**DATA LISTING**.
──────────

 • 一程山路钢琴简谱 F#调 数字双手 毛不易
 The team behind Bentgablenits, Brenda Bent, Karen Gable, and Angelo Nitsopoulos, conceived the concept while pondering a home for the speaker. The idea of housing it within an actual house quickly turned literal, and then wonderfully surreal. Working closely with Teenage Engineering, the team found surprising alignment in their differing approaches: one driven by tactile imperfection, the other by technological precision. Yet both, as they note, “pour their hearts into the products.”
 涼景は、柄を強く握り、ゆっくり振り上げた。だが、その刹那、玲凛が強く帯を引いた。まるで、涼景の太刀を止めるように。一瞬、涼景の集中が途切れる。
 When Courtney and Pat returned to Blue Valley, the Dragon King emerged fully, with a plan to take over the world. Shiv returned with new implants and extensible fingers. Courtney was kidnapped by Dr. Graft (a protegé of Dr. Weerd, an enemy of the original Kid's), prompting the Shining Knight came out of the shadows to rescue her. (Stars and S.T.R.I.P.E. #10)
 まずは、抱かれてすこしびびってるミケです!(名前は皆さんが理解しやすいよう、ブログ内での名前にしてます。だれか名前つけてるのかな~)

──────────

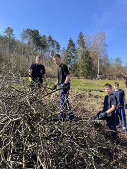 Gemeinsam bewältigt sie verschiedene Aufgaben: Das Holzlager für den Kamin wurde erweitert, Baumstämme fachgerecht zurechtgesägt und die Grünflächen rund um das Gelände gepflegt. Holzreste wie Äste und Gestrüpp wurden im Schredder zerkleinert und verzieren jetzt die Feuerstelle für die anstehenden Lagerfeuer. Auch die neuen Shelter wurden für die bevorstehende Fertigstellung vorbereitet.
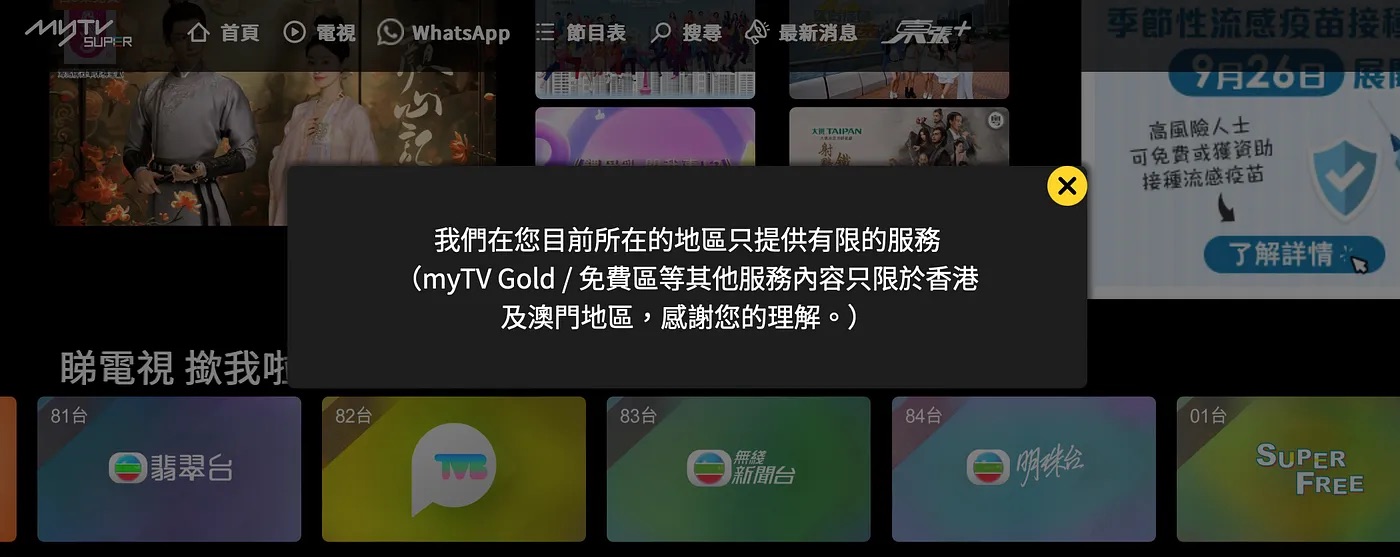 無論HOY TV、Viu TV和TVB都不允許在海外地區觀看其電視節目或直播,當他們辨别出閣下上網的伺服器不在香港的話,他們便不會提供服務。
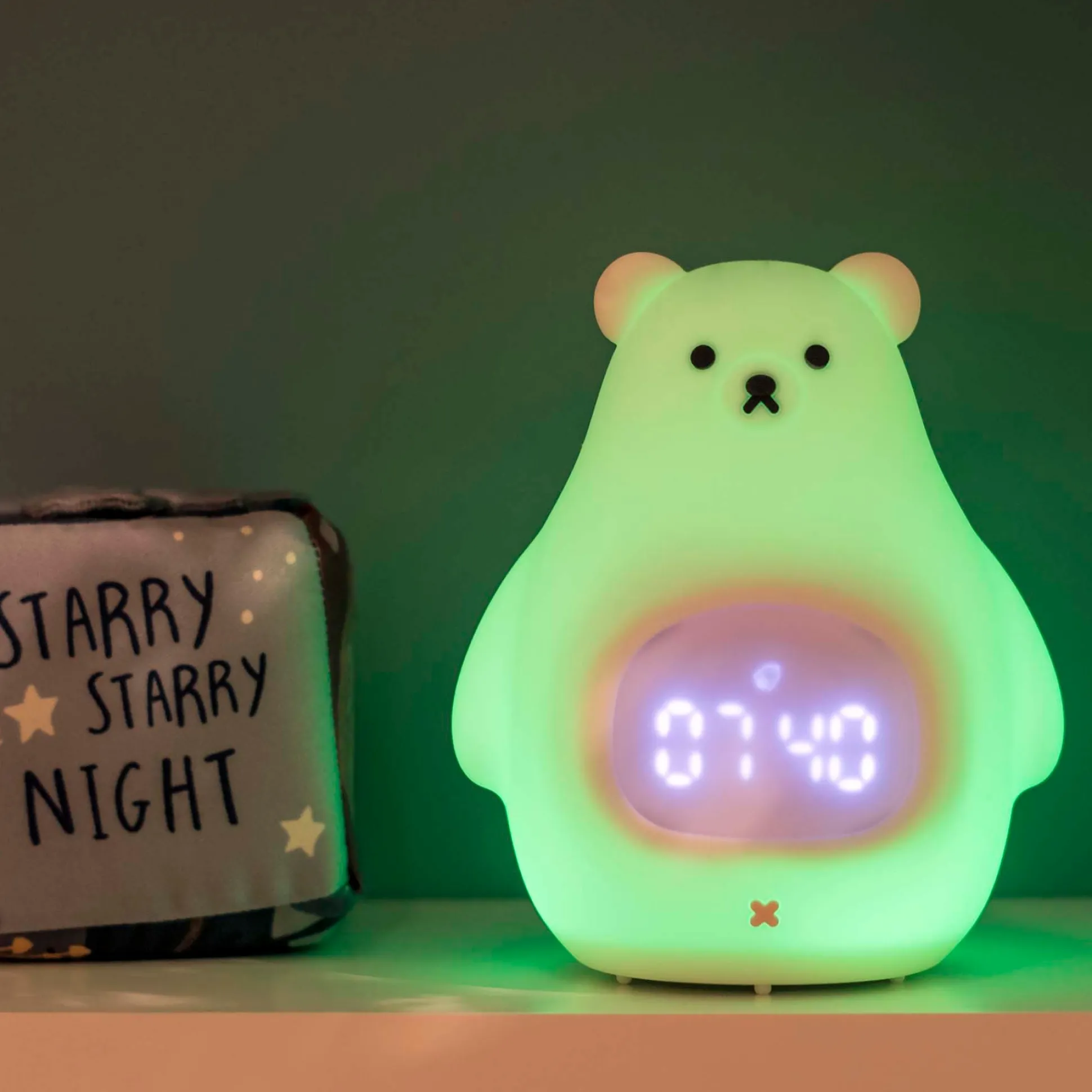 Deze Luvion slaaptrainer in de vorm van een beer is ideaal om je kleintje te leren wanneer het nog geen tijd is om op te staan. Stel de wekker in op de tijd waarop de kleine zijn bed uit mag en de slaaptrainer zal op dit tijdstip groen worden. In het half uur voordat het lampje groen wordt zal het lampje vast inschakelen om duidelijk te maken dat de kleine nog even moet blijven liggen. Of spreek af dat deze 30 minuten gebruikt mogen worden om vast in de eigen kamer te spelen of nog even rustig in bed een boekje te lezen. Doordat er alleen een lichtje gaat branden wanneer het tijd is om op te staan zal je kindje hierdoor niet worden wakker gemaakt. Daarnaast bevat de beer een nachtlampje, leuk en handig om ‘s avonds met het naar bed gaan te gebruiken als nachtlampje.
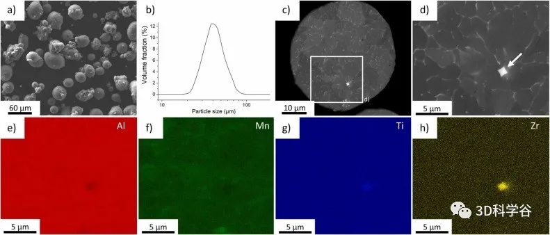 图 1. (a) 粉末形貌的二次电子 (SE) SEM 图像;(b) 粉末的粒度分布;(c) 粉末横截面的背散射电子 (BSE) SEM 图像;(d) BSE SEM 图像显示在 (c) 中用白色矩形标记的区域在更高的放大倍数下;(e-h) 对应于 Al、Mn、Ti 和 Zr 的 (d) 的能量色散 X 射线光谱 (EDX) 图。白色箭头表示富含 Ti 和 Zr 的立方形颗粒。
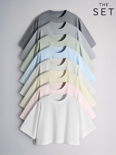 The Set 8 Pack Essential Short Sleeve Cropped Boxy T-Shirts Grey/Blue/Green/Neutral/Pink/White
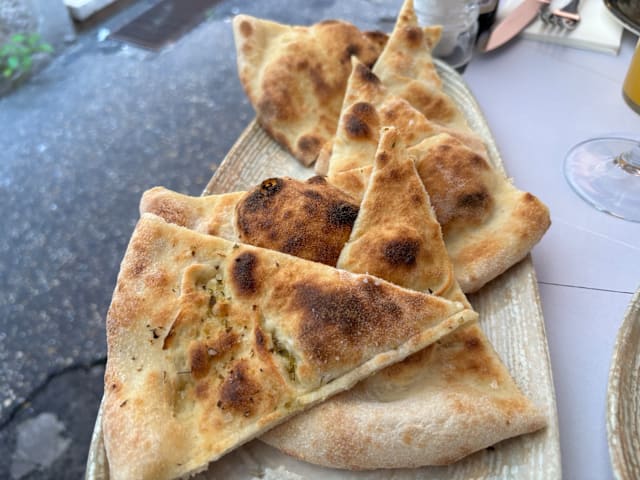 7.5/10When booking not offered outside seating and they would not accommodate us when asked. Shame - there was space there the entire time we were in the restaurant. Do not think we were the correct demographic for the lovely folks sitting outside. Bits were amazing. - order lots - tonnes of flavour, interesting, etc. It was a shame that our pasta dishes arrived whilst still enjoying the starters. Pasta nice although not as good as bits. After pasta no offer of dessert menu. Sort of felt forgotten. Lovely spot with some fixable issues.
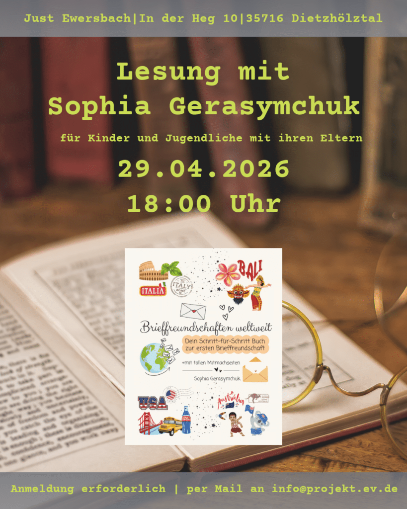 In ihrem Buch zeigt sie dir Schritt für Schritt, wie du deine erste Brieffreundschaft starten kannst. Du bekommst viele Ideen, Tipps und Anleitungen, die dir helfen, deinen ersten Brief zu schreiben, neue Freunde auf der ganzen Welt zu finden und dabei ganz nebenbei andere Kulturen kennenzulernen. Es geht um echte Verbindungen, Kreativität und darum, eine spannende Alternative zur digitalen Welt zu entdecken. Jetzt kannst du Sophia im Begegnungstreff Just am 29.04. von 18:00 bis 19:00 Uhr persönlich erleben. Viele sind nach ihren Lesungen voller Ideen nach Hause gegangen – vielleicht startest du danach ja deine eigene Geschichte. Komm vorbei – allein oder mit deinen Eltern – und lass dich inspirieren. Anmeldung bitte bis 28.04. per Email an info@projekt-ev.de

──────────

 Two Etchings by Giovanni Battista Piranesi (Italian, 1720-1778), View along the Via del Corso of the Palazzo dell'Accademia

──────────

**YOUR ASSIGNMENT**. Keeping every character as it is, restate the lines above that run from the line with "F#调 数字双手 毛不易" through the line with "涼景は、柄を強く握り、ゆっく", both included, and nothing else.

**EXERCISE ANSWER**.
 • 一程山路钢琴简谱 F#调 数字双手 毛不易
 The team behind Bentgablenits, Brenda Bent, Karen Gable, and Angelo Nitsopoulos, conceived the concept while pondering a home for the speaker. The idea of housing it within an actual house quickly turned literal, and then wonderfully surreal. Working closely with Teenage Engineering, the team found surprising alignment in their differing approaches: one driven by tactile imperfection, the other by technological precision. Yet both, as they note, “pour their hearts into the products.”
 涼景は、柄を強く握り、ゆっくり振り上げた。だが、その刹那、玲凛が強く帯を引いた。まるで、涼景の太刀を止めるように。一瞬、涼景の集中が途切れる。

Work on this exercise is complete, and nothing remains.